(Supplied information)
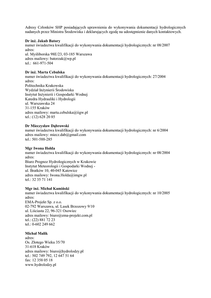 Adresy Członków SHP posiadających kwalifikacje hydrologiczne
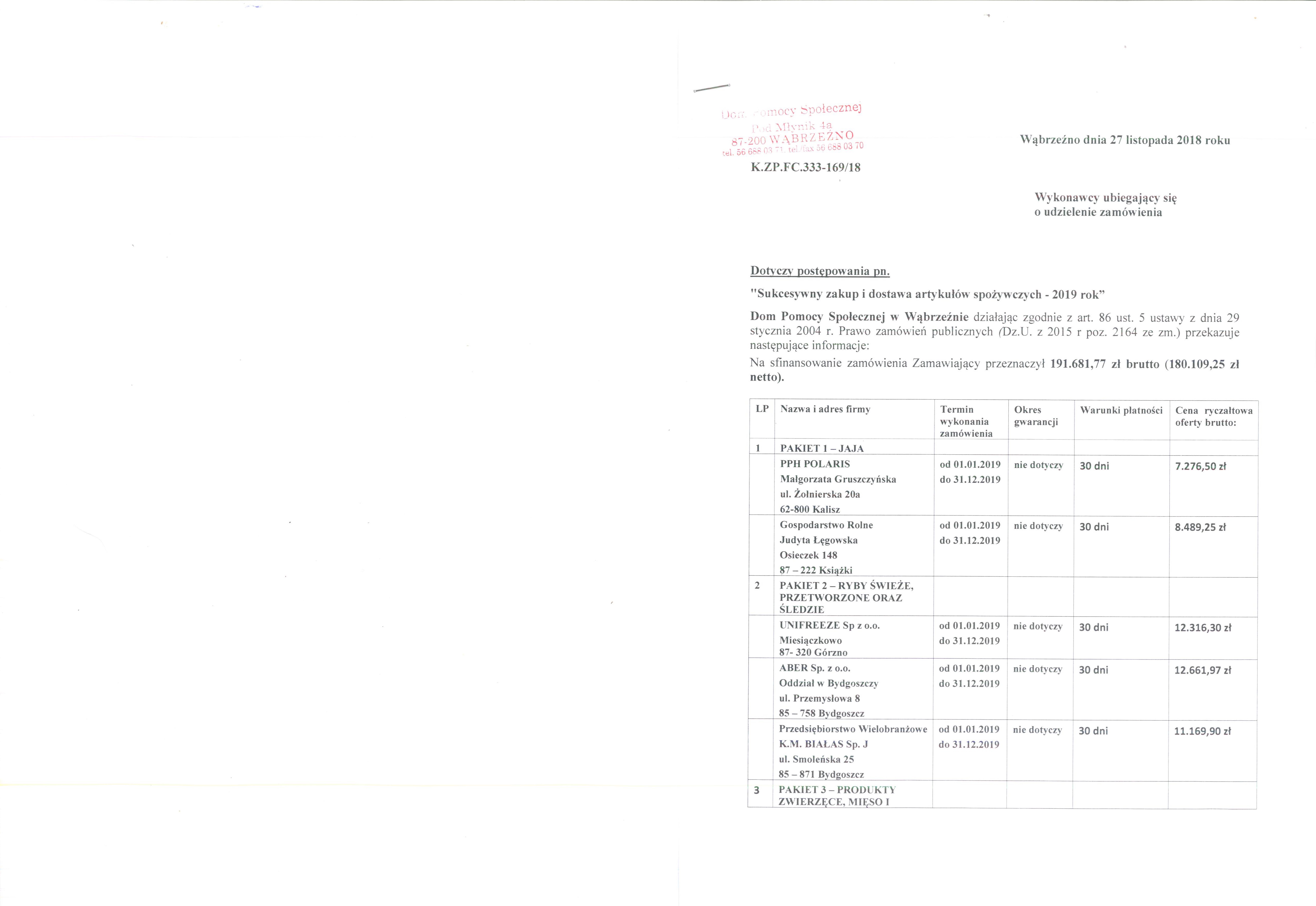 Dom Pomocy Społecznej w Wąbrzeźnie działając zgodnie z art. 86 ust. 5 ustawy z dnia 29 stycznia 2004 r. Prawo zamówień publicznych (Dz.U. z 2015 r poz. 2164 ze zm.) przekazuje następujące informacje:
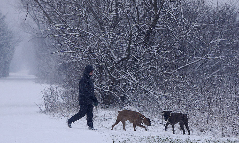 圖為12月29日,波蘭首都華沙人們在雪中溜狗。
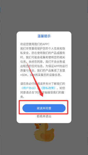 1、点击“阅读并同意”按钮,进入下一步操作。
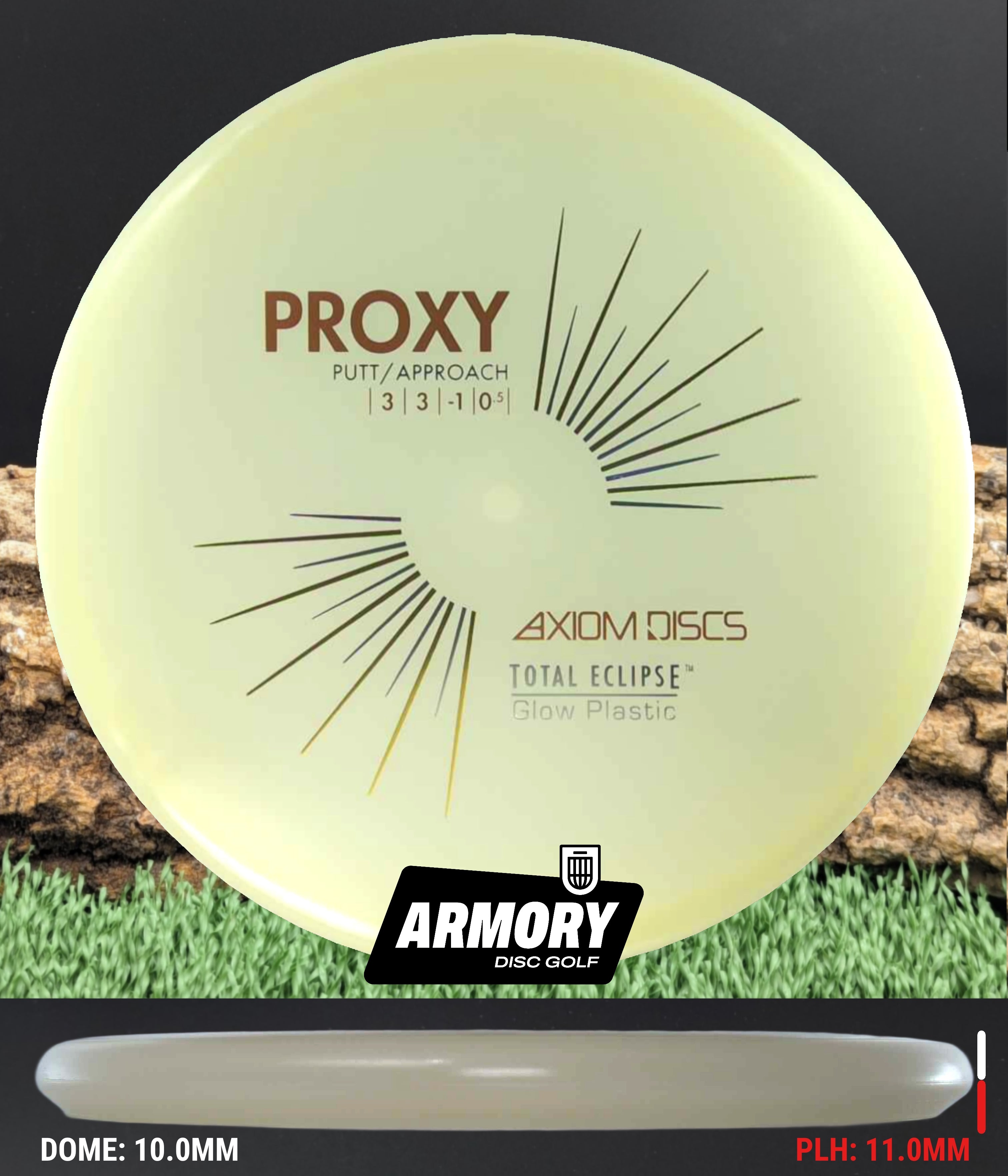 The second addition to our stock Total Eclipse catalog for this release is the Axiom Proxy! Sharing a core with the Axiom Envy, the Proxy maintains the low-profile feel and solid grip of the Envy, but with a more neutral flight path out of the box. High-speed turn and a forward fading finish set the Proxy up to be an incredibly versatile disc for shot shaping through wooded holes, around corners, or just laser straight shots. Now available any time of the year in the color glow cores and rims of Total Eclipse plastic - Green, Blue, Purple, Teal, and White - you can reliably add the Proxy to your bag for day or night. Experience one of the most versatile putters in the MVP family by grabbing your own Total Eclipse Proxy!
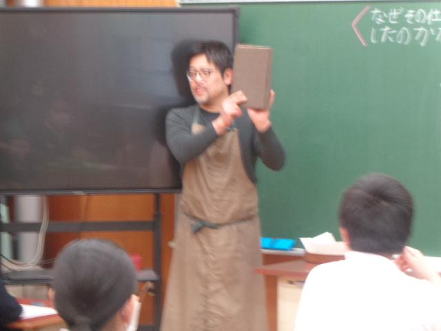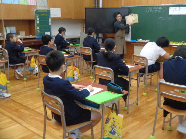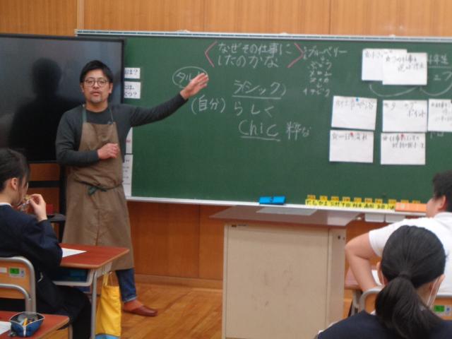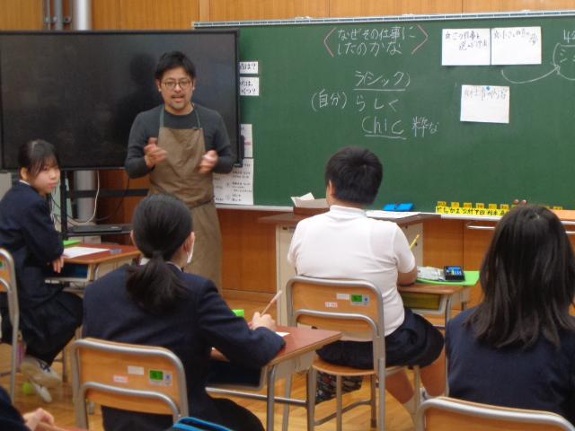本校出身のフランス料理シェフ、榊原さんに来ていただきました。榊原さんは、4年生の時の日記の中に、「将来は、フランス料理のシェフをやっている」と書いていたそうです。いろいろな仕事を考えたらしいですが、現在は、シェフとして金沢に「ラシック」を構えていらっしゃいます。授業では、シェフとはどんなことをしているのか、挫折を感じたこと、ターニングポイント、嬉しかったことなどを話してくださいました。中でも、どうやったらお客さんに喜んでもらえるのかを考え、お客さんが喜んでくれたことがやりがいとなっているという話を聞いて、子供たちは、榊原さんの仕事への思いや大切にしていることを感じ取っていたようでした。
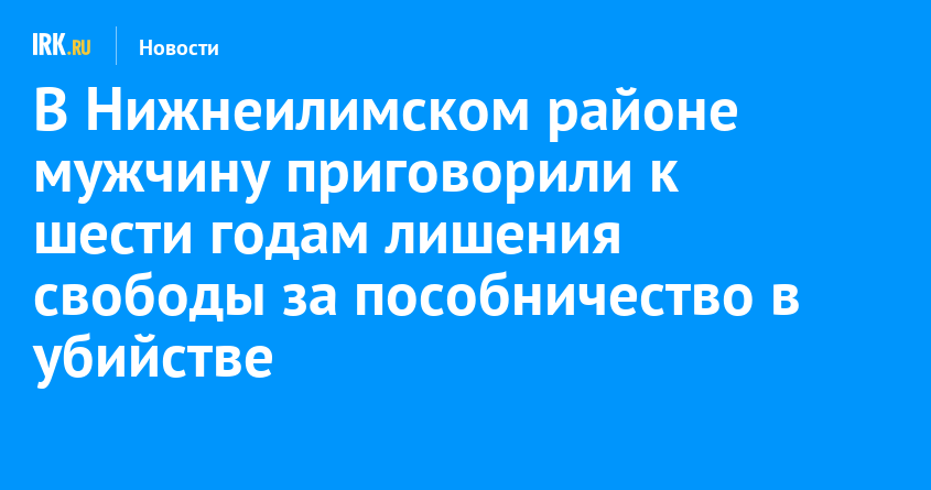 В Нижнеилимском районе местного жителя Евгения Жгара приговорили к шести годам и двум месяцам лишения свободы за пособничество в убийстве. Мужчина семь лет скрывался от следствия.
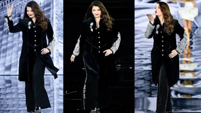 র‌্যাম্পে হাঁটার জন্য ঐশ্বরিয়া বেছে নেন ডিজাইনার মানীশ মালহোত্রার শেরওয়ানি-প্রেরণাদায়ী আধুনিক পোশাক। হীরা খচিত নেকলেস ও ঝলমলে অলঙ্করণে সমৃদ্ধ পোশাকটিতে ছিল রাজকীয় ঔজ্জ্বল্য। ঐশ্বরিয়ার মেকআপেও ফুটে ওঠে তাঁর স্বকীয়তা— উজ্জ্বল লাল ঠোঁট, নিখুঁত কনট্যুর এবং উজ্জ্বল ত্বক। ঢেউ খেলানো চুল তাঁর লুককে করে তোলে আরও আকর্ষণীয়।
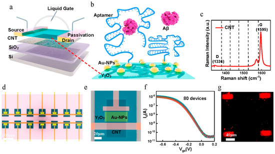 Development and analysis of the CNT-FET biosensor. (a) Conceptual representation of an aptamer-modified CNT-FET biosensor designed for detecting AD serum biomarkers. (b) Schematic depiction of the immobilization process, wherein an aptamer probe is anchored onto FG via a conventional Au linker, subsequently enabling hybridization with Aβ peptides. (c) Raman spectroscopy image illustrating the distribution of sorted CNTs. (d) Scanning electron microscopy (SEM) image displaying the CNT-FET biosensor array, with a scale bar of 100 μm. (e) SEM image highlighting the core active region of the biosensor, with a scale bar of 20 μm. (f) Transfer characteristics of 80 CNT-FETs under liquid-gated conditions following the deposition of Au nanoparticles, measured at Vds = −0.1 V. (g) Fluorescence microscopy image revealing Cy5-labeled Aβ42 aptamers hybridized to Au-NPs immobilized on the CNT-FG-FET channel surface (reproduced with permission from [54]).
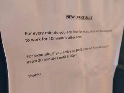 एका ऑफिसच्या अतिशय विचित्र नियमाची सोशल मीडियावर जोरदार चर्चा रंगली आहे. ज्यामध्ये एका बॉसने कर्मचार्यांना 1 मिनिटही उशीर झाला तरी कडक शिक्षेची घोषणा केली आहे.
(End Supplied information)
* **The task**
Write the entries above out in full, exactly, with no images.

* **Your solution**
 Adresy Członków SHP posiadających kwalifikacje hydrologiczne
 Dom Pomocy Społecznej w Wąbrzeźnie działając zgodnie z art. 86 ust. 5 ustawy z dnia 29 stycznia 2004 r. Prawo zamówień publicznych (Dz.U. z 2015 r poz. 2164 ze zm.) przekazuje następujące informacje:
 圖為12月29日,波蘭首都華沙人們在雪中溜狗。
 1、点击“阅读并同意”按钮,进入下一步操作。
 The second addition to our stock Total Eclipse catalog for this release is the Axiom Proxy! Sharing a core with the Axiom Envy, the Proxy maintains the low-profile feel and solid grip of the Envy, but with a more neutral flight path out of the box. High-speed turn and a forward fading finish set the Proxy up to be an incredibly versatile disc for shot shaping through wooded holes, around corners, or just laser straight shots. Now available any time of the year in the color glow cores and rims of Total Eclipse plastic - Green, Blue, Purple, Teal, and White - you can reliably add the Proxy to your bag for day or night. Experience one of the most versatile putters in the MVP family by grabbing your own Total Eclipse Proxy!
本校出身のフランス料理シェフ、榊原さんに来ていただきました。榊原さんは、4年生の時の日記の中に、「将来は、フランス料理のシェフをやっている」と書いていたそうです。いろいろな仕事を考えたらしいですが、現在は、シェフとして金沢に「ラシック」を構えていらっしゃいます。授業では、シェフとはどんなことをしているのか、挫折を感じたこと、ターニングポイント、嬉しかったことなどを話してくださいました。中でも、どうやったらお客さんに喜んでもらえるのかを考え、お客さんが喜んでくれたことがやりがいとなっているという話を聞いて、子供たちは、榊原さんの仕事への思いや大切にしていることを感じ取っていたようでした。
 В Нижнеилимском районе местного жителя Евгения Жгара приговорили к шести годам и двум месяцам лишения свободы за пособничество в убийстве. Мужчина семь лет скрывался от следствия.
 র‌্যাম্পে হাঁটার জন্য ঐশ্বরিয়া বেছে নেন ডিজাইনার মানীশ মালহোত্রার শেরওয়ানি-প্রেরণাদায়ী আধুনিক পোশাক। হীরা খচিত নেকলেস ও ঝলমলে অলঙ্করণে সমৃদ্ধ পোশাকটিতে ছিল রাজকীয় ঔজ্জ্বল্য। ঐশ্বরিয়ার মেকআপেও ফুটে ওঠে তাঁর স্বকীয়তা— উজ্জ্বল লাল ঠোঁট, নিখুঁত কনট্যুর এবং উজ্জ্বল ত্বক। ঢেউ খেলানো চুল তাঁর লুককে করে তোলে আরও আকর্ষণীয়।
 Development and analysis of the CNT-FET biosensor. (a) Conceptual representation of an aptamer-modified CNT-FET biosensor designed for detecting AD serum biomarkers. (b) Schematic depiction of the immobilization process, wherein an aptamer probe is anchored onto FG via a conventional Au linker, subsequently enabling hybridization with Aβ peptides. (c) Raman spectroscopy image illustrating the distribution of sorted CNTs. (d) Scanning electron microscopy (SEM) image displaying the CNT-FET biosensor array, with a scale bar of 100 μm. (e) SEM image highlighting the core active region of the biosensor, with a scale bar of 20 μm. (f) Transfer characteristics of 80 CNT-FETs under liquid-gated conditions following the deposition of Au nanoparticles, measured at Vds = −0.1 V. (g) Fluorescence microscopy image revealing Cy5-labeled Aβ42 aptamers hybridized to Au-NPs immobilized on the CNT-FG-FET channel surface (reproduced with permission from [54]).
 एका ऑफिसच्या अतिशय विचित्र नियमाची सोशल मीडियावर जोरदार चर्चा रंगली आहे. ज्यामध्ये एका बॉसने कर्मचार्यांना 1 मिनिटही उशीर झाला तरी कडक शिक्षेची घोषणा केली आहे.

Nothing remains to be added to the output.